What the task requires — The expected output is an exact copy of the lines from the one containing "Fluffy nine-tailed fox" to the final line below, minus any pictures.

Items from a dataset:
· · ·

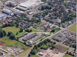 The site is accessed off Moss Road and is adjacent to Mossedge Industrial Estate, with Mosswood Care Home being nearby, together with a mix of traditional private and rented housing and new building housing.
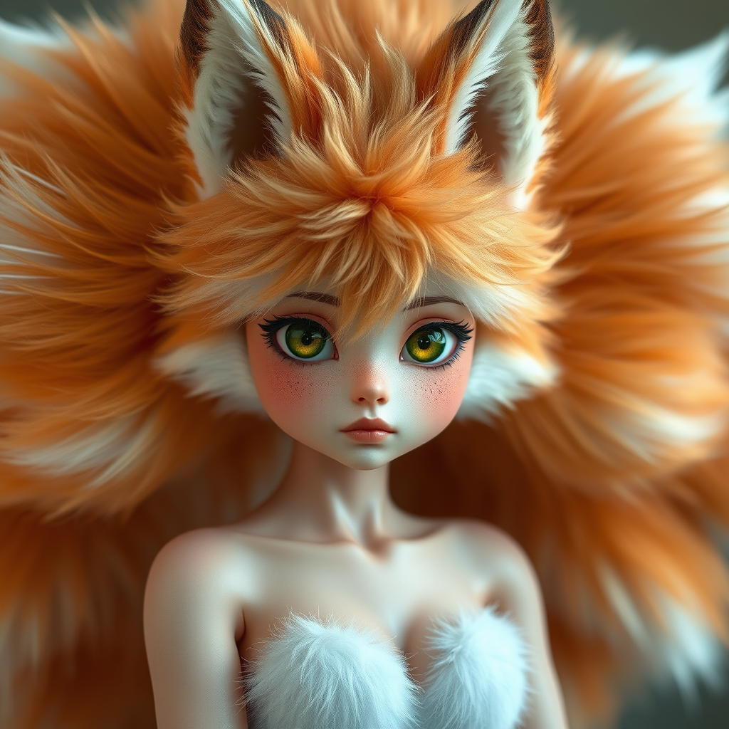 Fluffy nine-tailed fox girl, hyper-realistic, professional photography, 8k resolution, soft natural lighting, CGI-inspired, 3D aesthetics, doll-like features, cartoon and anime fusion, illustration and digital painting elements, realistic texture with hints of artistic style, skin with minor imperfections like spots and blemishes, unique and creative anatomy, capturing the essence of fantasy and reality.
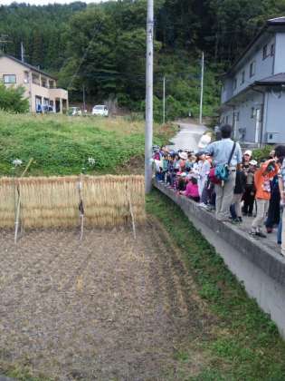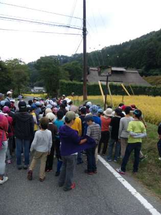 川のせせらぎを歩き、稲穂の刈り入れ風景に接し、茅葺き屋根の家のそばを通り、私達の普段の世田谷での生活とはまた異なる自然の中での川場村の生活を感じました。
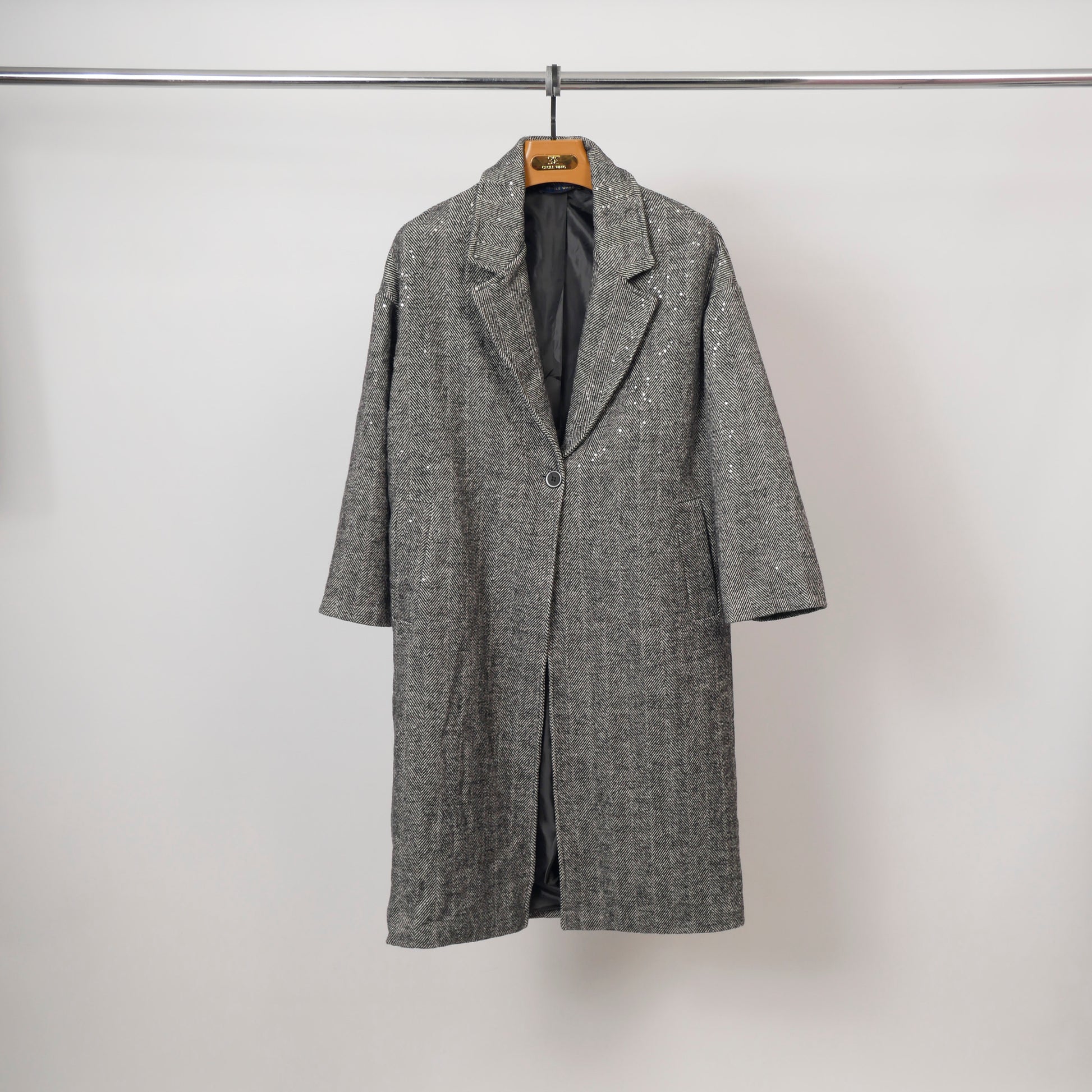 Brillez tout en élégance avec ce manteau long à sequins, idéal pour rehausser vos looks d’hiver avec une touche subtile de lumière.
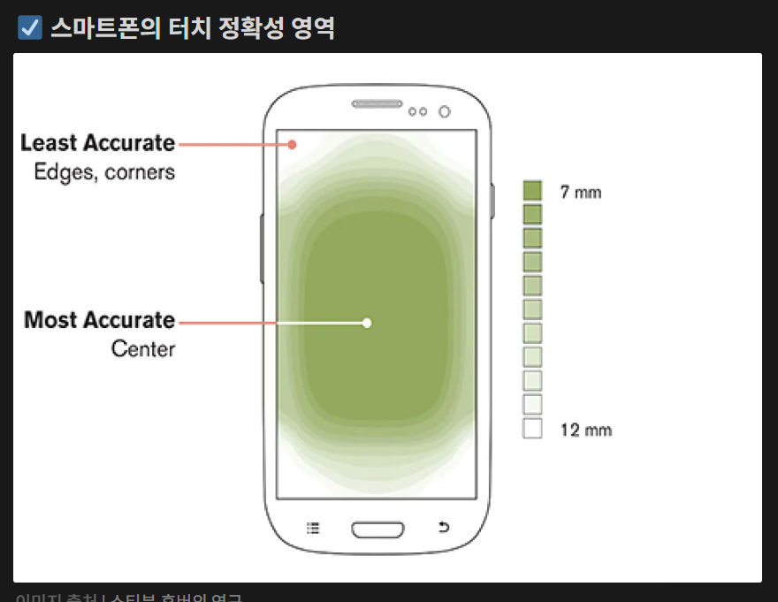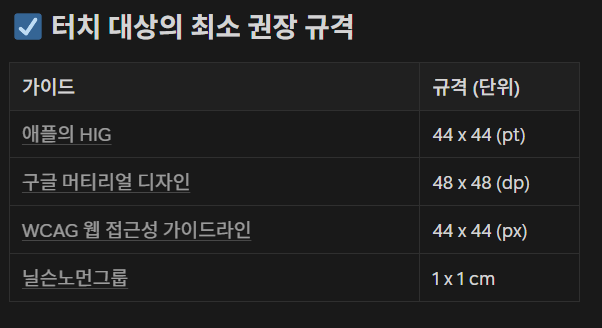 터치해야 하는 대상의 크기 ▶️ 사용자가 정확하게 선택할 수 있을 만큼 충분히 커야 함

· · ·

Solved exercise —
 Fluffy nine-tailed fox girl, hyper-realistic, professional photography, 8k resolution, soft natural lighting, CGI-inspired, 3D aesthetics, doll-like features, cartoon and anime fusion, illustration and digital painting elements, realistic texture with hints of artistic style, skin with minor imperfections like spots and blemishes, unique and creative anatomy, capturing the essence of fantasy and reality.
 川のせせらぎを歩き、稲穂の刈り入れ風景に接し、茅葺き屋根の家のそばを通り、私達の普段の世田谷での生活とはまた異なる自然の中での川場村の生活を感じました。
 Brillez tout en élégance avec ce manteau long à sequins, idéal pour rehausser vos looks d’hiver avec une touche subtile de lumière.
 터치해야 하는 대상의 크기 ▶️ 사용자가 정확하게 선택할 수 있을 만큼 충분히 커야 함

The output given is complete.